With her fork halfway to her mouth, Callie glanced at Tucker, who’d also stopped eating.

Jake let out an annoyed sound as he moved between them down the steps. “Christ, there’s some serious chips on some serious shoulders around here. How’s the head and ribs?” he asked Callie.

This wasn’t a polite question, it was a demand, by the man who’d seen her in her bra only an hour before. She reminded herself he’d seen her in far less. “They’re fine.”

“You find out what brainless idiot was messing around in the barn?”

“No.”

“Me either.” He still looked so serious, and somehow more intense than she’d ever seen before. Also the firefighter side of him, she guessed. In any case, it was startlingly, unexpectedly attractive, and she swallowed her last bite of breakfast with extreme difficulty. Then smiled weakly. “How about you? How’s your shoulder?”

“Fine.”

“Yes, but…” She trailed off at the closed look on his face. Men and their stupid pride. She supposed she was one to talk, when she herself had more than was good for her. “You’re not fully healed. I figured if the injury took you out of firefighting, it would take you out of ranching, too.”

He rolled his neck, then stretched his shoulders.
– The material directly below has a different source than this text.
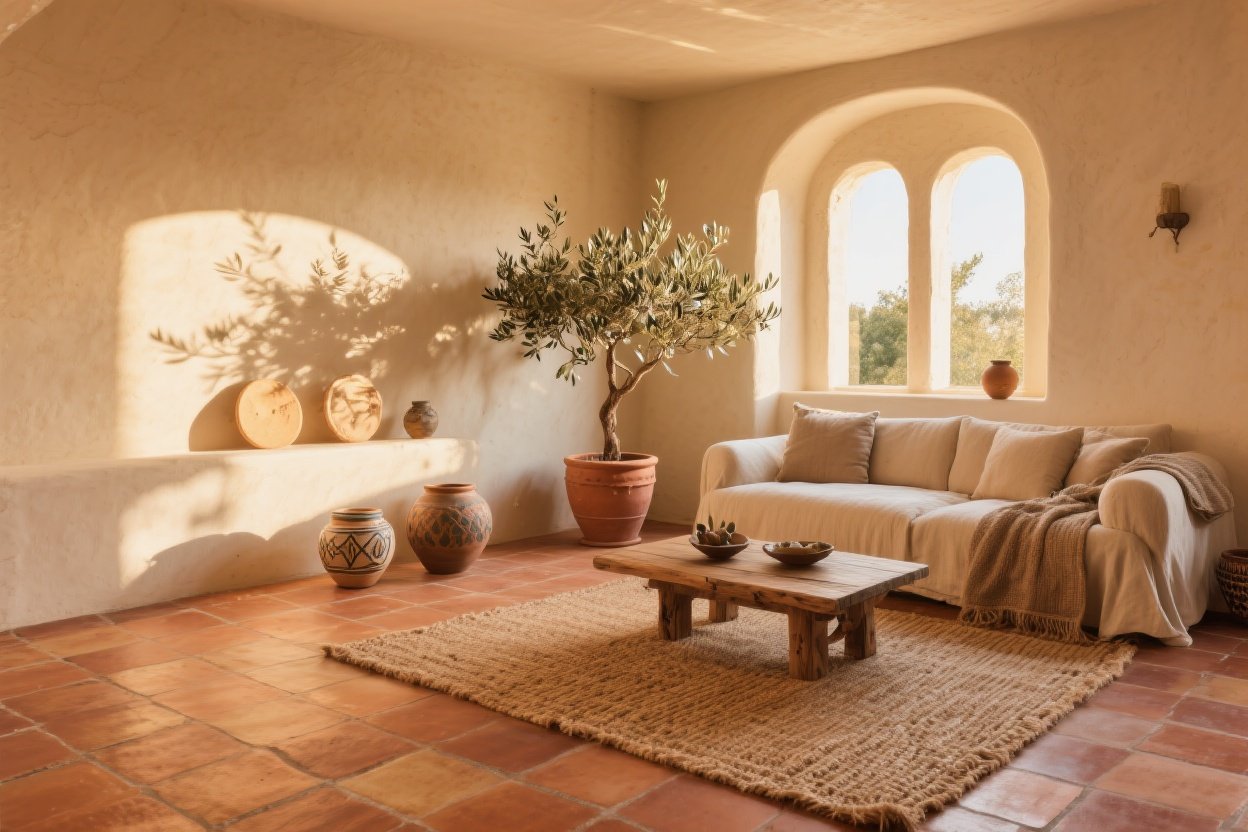 - Keep walls warm white (think parchment, not paper) to flatter the clay tones.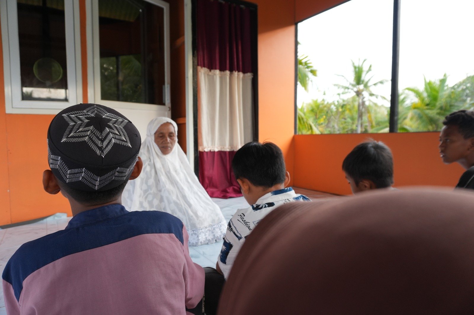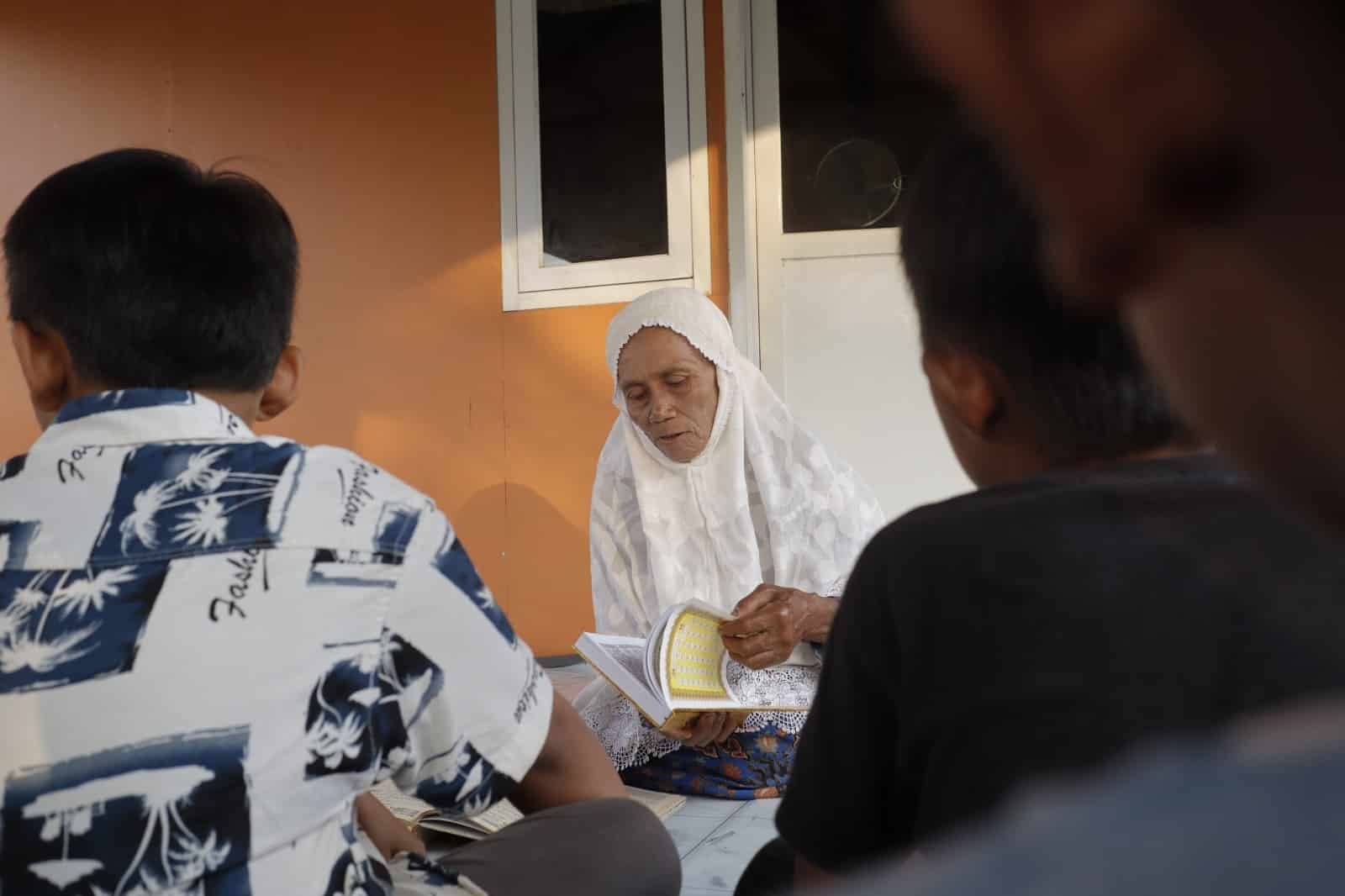 “Bukan saya saja yang merasakan manfaatnya,” tutur Nek Sarjah lembut, “anak-anak di sini juga senang... mereka belajar, mengaji, dan semoga jadi anak-anak yang pintar, sukses dunia dan akhirat.”

And winced, gingerly putting his left hand to his right shoulder. “It might.”

Tucker let out an obnoxiously loud sigh, as if he didn’t believe Jake could really be hurting.

Jake glanced at him. “What’s your problem?”

“How do you know I have one?”

“Maybe because it sounds like your head gets a flat every time I so much as look at you.”

Callie had no siblings, though she’d always dreamed of a big, older brother to beat the crap out of anyone who bugged her. But in her dreams, she and this fantasy brother always got along, no bickering.

She had a feeling Jake and Tucker didn’t dream about the same kind of relationship.

“What is it?” Jake pressed Tucker. “What’s eating at you?”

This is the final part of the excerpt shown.